ED(cute, computer) = 4 ... insert omp and r
ED(computer, cute) = 4 ... ED is symmetric
PED(cute, computer) = ED(cute, compute) = 3
PED(computer, cute) = ED(computer, cute) = 4

3.2 (5 points) Find x and y with ED(x, y) = 2 and comm($$x$$, $$y$$) = max{|x|, |y|} - 4

1. max{|x|, |y|} - 4 is the lower bound from the lecture for q = 3 and ED(x, y) = 2
2. The lower bound is achieved when destroying the maximal number of q-grams with each edit distance operation, in this case 3
3. For example, x = AXXA, y = BXXB

3.3 (10 points) Function valid_utf8_char8 that checks if a given array of three bytes is valid UTF-8 for a single character

1. def valid_utf8_char(bytes):
       # Check that first byte start with 1110 and the other two with 10
       # 10000000b = 128, 11000000b = 192, 11100000b = 224, 11110000b = 240
3.     if (bytes[0] & 240 != 224 OR bytes[1] & 192 != 128 OR bytes[2] & 192 != 128):
4.         return False 
       # Check that the code point is >= 2048
       # 11100000b = 224, 10100000b = 160 
5.     if (bytes[0] > 224 OR bytes[1] >= 160):
6.         return True
7.     return False

TASK 4 (Naive Bayes)

4.1 (10 points) Function naive_bayes_predict that predicts the class for a given document

1. def naive_bayes_predict(pc, pwc, words):
2.    best_c, bestp = -1, -1
3.    for c in range(0, len(pc)):
4.        p = pc[c]
5.        for w in words:
6.            p *= pwc[w][c]
7.        if p > best_p:
8.            best_p, best_c = p, c
9.    return best_c

4.2 (5 points) Same prediction for d_1 and d_2 = d_1.d_1

1. If p(c | d1) = P_c * p_c, then p(c | d2) = P_c² * p_c.
2. If the p_c are all equal, then p(c1 | d1) < p(c2 | d1) <=> P_c1 < P_c2 <=> P_c1² < P_c2² <=> p(c1 | d2) < p(c1 | d2)

4.3 (5 points) Is the statement from 4.2 also true if the pc are not all equal?

1. Assume two classes c1 and c2 with p(c1) = 1/4 and p(c2) = 3/4
2. Let d1 consist of one word w with p(c1, w) = 2/3 and p(c2, w) = 1/3
3. Then p(c1 | d1) = 2/3 * 1/4 = 1/6 and p(c2 | d1) = 1/3 * 3/4 = 1/4  => class c2 is more likely
4. But p(c1 | d2) = 2/3 * 2/3 * 1/4 = 1/9 and p(c2 | d2) = 1/3 * 1/3 * 3/4 = 1/12  => class c1 is more likely
5. So the statement from 4.2 is not true in general if the pc are not all equal

TASK 5 (Latent Semantic Indexing)

5.1 (10 points) Determine the matrices U and S of the SVD of A

1. The product A * AT is [[15, 9], [9, 15]]
2. One eigenvector is easily seen to be (1, 1) with eigenvalue 9 * 15 = 24
3. The other eigenvector is then (1, -1) with eigenvalue 6
4. The matrix U is hence 1/2 * sqrt(2) * [[1, 1], [1, -1]]
5. The matrix S is diag(sqrt(24), sqrt(6)) = sqtr(6) * diag(2, 1)

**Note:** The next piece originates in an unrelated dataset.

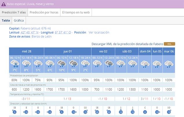 En Fabero la nieve caída durante la noche ha dejado cerca de diez centímetros de espesor. Según las predicciones, las precipitaciones en forma de nieve pueden continuar hasta la tarde, donde la nieve dejará paso a la lluvia. Las mínimas serán de menos tres grados y las máximas de once.

5.2 Function compute_V that computes V from A, U, S

1. def compute_V(A, U, S, V, m, n):
2.     r = len(S)
       # A has shape m x n, U has shape m x r, S has r entries 
       # We can assume that V has shape r x n and is filled with zeroes
       # According to ES10, V = S^-1 * UT * A
3.     for i in range(0, r):
4.         for j in range(0, n):
5.             for k in range(0, m):
6.                 V[i, j] += U[k, i] * A[k, j] / S[i]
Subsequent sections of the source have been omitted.